Task brief -> Return all of the data that follows precisely, leaving every image out.
-- Record set follows --
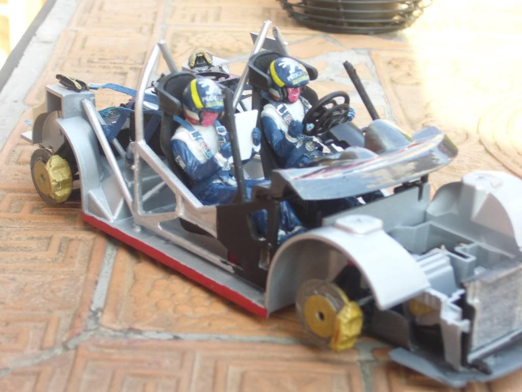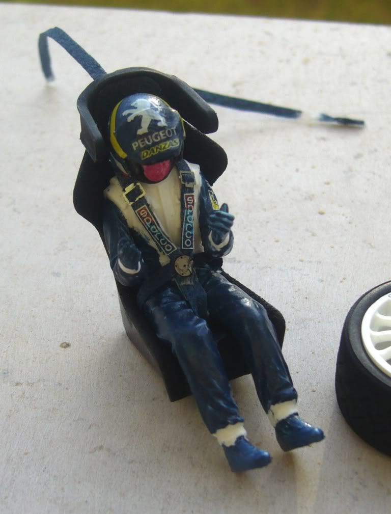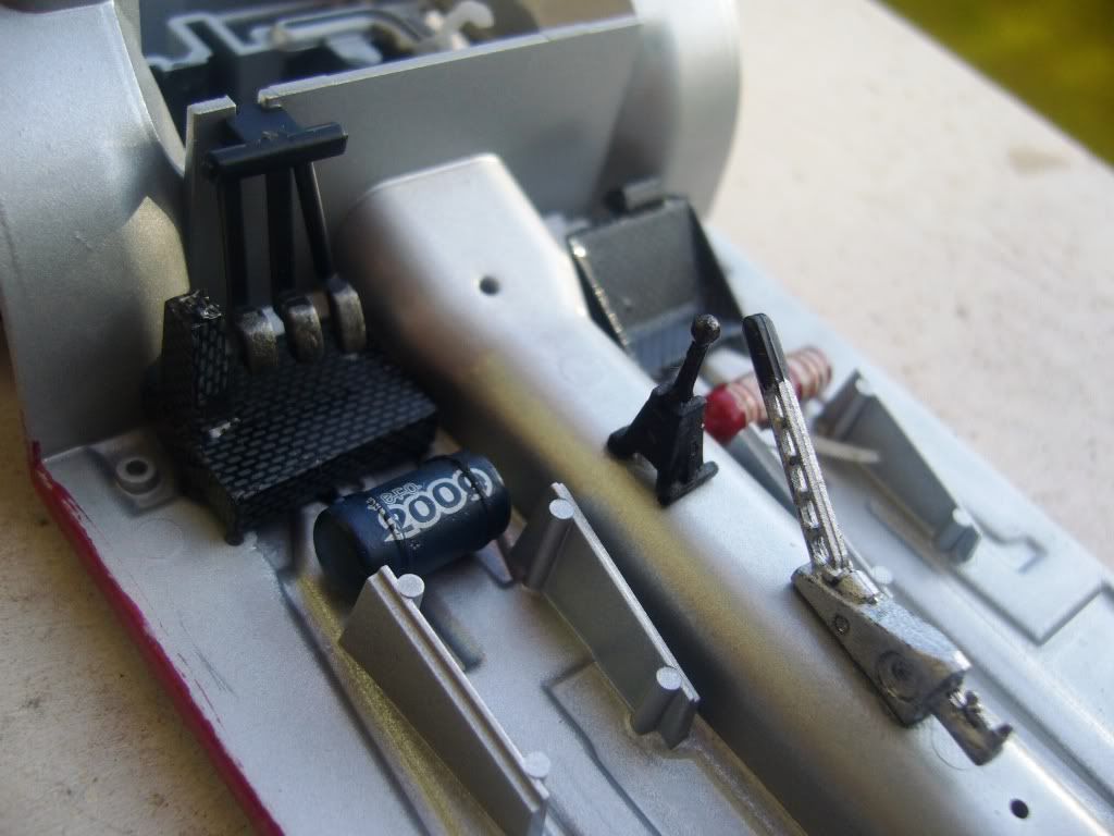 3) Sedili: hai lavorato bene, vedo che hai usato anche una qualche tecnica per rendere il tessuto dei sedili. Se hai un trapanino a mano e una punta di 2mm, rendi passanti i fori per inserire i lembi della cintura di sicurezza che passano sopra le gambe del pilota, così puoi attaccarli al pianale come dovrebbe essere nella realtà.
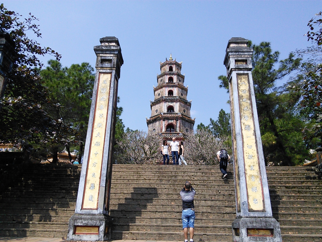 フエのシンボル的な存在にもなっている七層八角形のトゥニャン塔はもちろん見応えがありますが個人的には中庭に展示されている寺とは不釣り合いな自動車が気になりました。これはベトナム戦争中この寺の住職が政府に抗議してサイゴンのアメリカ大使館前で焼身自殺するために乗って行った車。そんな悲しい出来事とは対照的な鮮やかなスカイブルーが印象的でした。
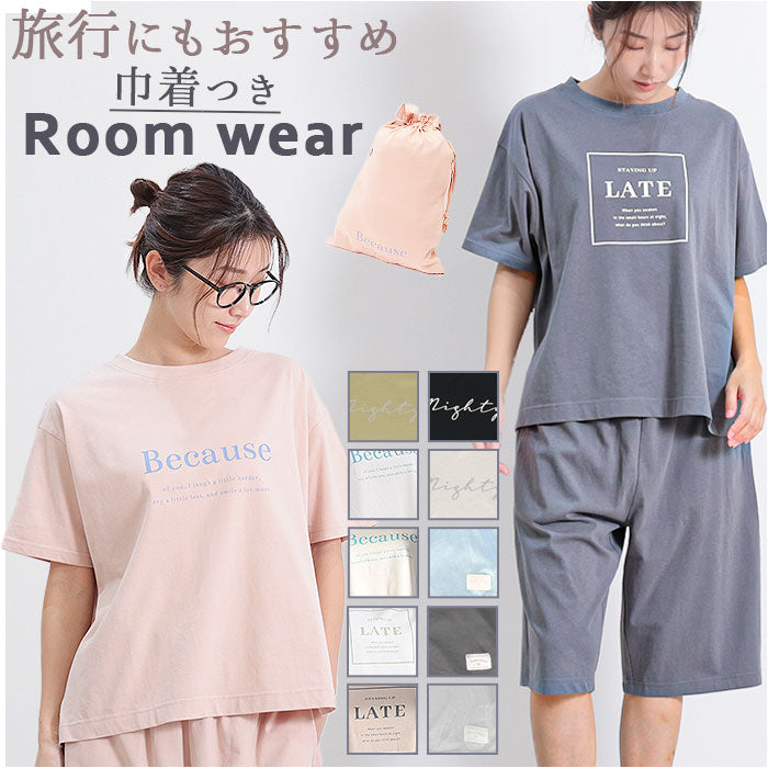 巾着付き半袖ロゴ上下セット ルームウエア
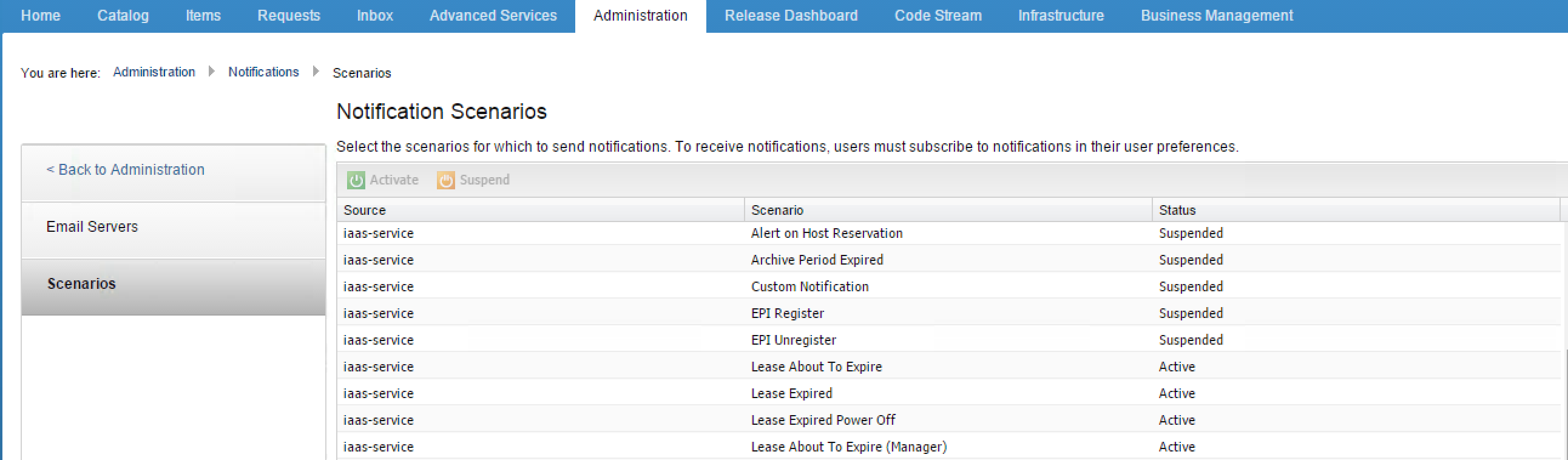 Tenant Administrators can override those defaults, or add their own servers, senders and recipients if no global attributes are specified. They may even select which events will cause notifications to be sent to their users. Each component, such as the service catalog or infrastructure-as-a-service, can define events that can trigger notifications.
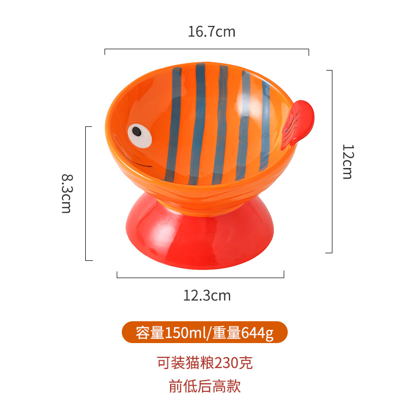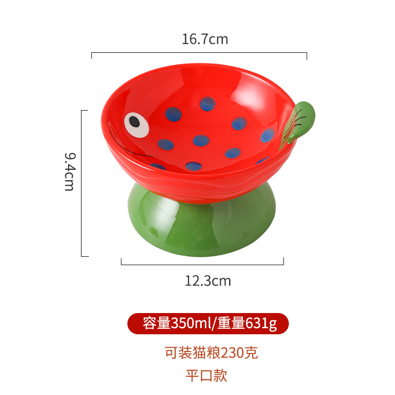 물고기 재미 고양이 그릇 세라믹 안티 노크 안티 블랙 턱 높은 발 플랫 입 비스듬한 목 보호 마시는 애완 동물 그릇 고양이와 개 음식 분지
-- Record set concluded --
Answer box ->
 3) Sedili: hai lavorato bene, vedo che hai usato anche una qualche tecnica per rendere il tessuto dei sedili. Se hai un trapanino a mano e una punta di 2mm, rendi passanti i fori per inserire i lembi della cintura di sicurezza che passano sopra le gambe del pilota, così puoi attaccarli al pianale come dovrebbe essere nella realtà.
 フエのシンボル的な存在にもなっている七層八角形のトゥニャン塔はもちろん見応えがありますが個人的には中庭に展示されている寺とは不釣り合いな自動車が気になりました。これはベトナム戦争中この寺の住職が政府に抗議してサイゴンのアメリカ大使館前で焼身自殺するために乗って行った車。そんな悲しい出来事とは対照的な鮮やかなスカイブルーが印象的でした。
 巾着付き半袖ロゴ上下セット ルームウエア
 Tenant Administrators can override those defaults, or add their own servers, senders and recipients if no global attributes are specified. They may even select which events will cause notifications to be sent to their users. Each component, such as the service catalog or infrastructure-as-a-service, can define events that can trigger notifications.
 물고기 재미 고양이 그릇 세라믹 안티 노크 안티 블랙 턱 높은 발 플랫 입 비스듬한 목 보호 마시는 애완 동물 그릇 고양이와 개 음식 분지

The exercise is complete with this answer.